Tylenol is an excellent pain reliever and as such has become a common household remedy for everything from sore muscles to hangovers. Many people keep it handy on bedside night tables where it is too easy to grab a few if you wake up with a headache. If you are not quite awake enough to remember that you took Percocet (or other prescription medication) the morning before, you could be in serious trouble.

Taking any medication should be a deliberate act when you are fully awake.

Should you realize that you may have taken too much, call your nearest poison center or emergency room. They can tell you whether the amount you took is above safe levels.

Overdoses are not easily detected until the acetaminophen has already killed liver cells, as in Ms. Hodo’s case. It is urgent that the doctors know exactly when the acetaminophen overdose happens. All those forms a patient fills out at the admitting desk are important. Accurately completed, they can provide doctors information they need to save your life.

“Semi-intentional — not accidental (overdoses of Tylenol) — are suicidal gestures, a cry for help. After such an overdose, it is easy think, ‘Oh, and I really didn’t mean it and now I feel fine so I don’t need to do anything.’ Teens and young people are the most susceptible to thinking that this is a ‘safe’ way of trying to ‘commit suicide.’ The terrible truth may not surface until it is too late to reverse the damage.

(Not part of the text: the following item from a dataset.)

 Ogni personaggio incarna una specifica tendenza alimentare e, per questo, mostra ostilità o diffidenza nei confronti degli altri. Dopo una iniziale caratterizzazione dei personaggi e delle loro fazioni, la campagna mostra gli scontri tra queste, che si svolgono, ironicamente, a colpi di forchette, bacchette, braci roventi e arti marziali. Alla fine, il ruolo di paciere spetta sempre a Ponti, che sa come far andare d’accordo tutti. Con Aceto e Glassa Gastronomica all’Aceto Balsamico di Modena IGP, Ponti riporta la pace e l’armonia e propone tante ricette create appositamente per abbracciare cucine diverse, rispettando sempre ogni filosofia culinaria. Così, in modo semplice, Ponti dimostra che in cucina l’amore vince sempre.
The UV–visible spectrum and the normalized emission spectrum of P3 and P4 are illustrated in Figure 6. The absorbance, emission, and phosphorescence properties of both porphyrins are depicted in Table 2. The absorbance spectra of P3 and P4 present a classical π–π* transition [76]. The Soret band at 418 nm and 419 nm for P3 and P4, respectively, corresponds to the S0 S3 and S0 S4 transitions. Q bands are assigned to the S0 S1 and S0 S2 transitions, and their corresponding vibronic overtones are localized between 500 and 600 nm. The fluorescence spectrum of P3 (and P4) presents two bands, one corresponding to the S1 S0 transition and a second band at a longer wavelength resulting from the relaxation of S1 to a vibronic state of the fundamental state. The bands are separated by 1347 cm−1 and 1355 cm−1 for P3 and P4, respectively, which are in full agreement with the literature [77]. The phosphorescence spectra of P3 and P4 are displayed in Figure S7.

“Lethal doses can cause no symptoms to appear for serveral days,” explained Dr. Tom Sither, chief of Emergency Room Medicine at Haywood Regional Medical Center. “There are 10 emergency room doctors in our group (at the Haywood Regional Medical Center) and we each see about one acetaminophen overdose each month.”

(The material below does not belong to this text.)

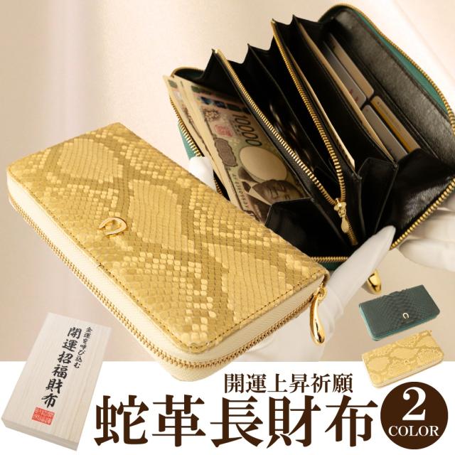 金運 財布 金運財布 ヘビ 革 財布 ゴールド 緑 グリーン 蛇皮財布 蛇革 開運財布 メンズ レディース 風水 長財布 金 運 アップ 開運 金運

Tylenol and the generic equivalent over-the-counter medications come in two dosages — regular strength, which is 350 mg, and extra strength, which is 500 mg. Two extra strength or three regular strength doses equal a gram (1000 mg) of acetaminophen.

So what is the safe level? “The maximum dose for a healthy adult in a 24-hour period is eight 500 mg tablets (4 grams). Taking more than the maximum eight extra strength Tylenol tablets (in that time period) provides no added pain relief,” says Sither. Consumption of alcohol lowers that safe level.

“People who drink alcohol regularly appear to be especially susceptible to acetaminophen liver damage. Therefore, a person who drinks more than two alcoholic beverages per day should not take more than two grams of acetaminophen (equivalent to four extra strength tablets) over 24 hours,” according to medicinetnet.com.

There are several different strengths of Tylenol available over the counter, so it is important to know which strengths you are taking.

There is an antidote, N-acetylcysteine, which can bond with acetaminophen making it harmless before it can kill liver cells. The acetaminophen is then washed out without harming the liver or kidneys. However, to be effective it must be administered no longer than four hours after the overdose. Liver damage can be reversed with this treatment. The catch is that the overdose is not detectable by blood tests or enzyme liver tests until after that four-hour mark has passed, according to the Annals of Internal Medicine

Patients should always discuss over-the-counter medications with their doctor before taking them in combination with any prescribed pain medication. Brenda’s doctors discussed the possibility of liver and kidney transplants versus treatment followed by dialysis. They decided on treatment instead of transplants. She is now on dialysis three times a week and unable to work.

JC Walkup is a free-lance writer and Dr. Allan Zacher operates Interventional Pain Services of WNC in Clyde.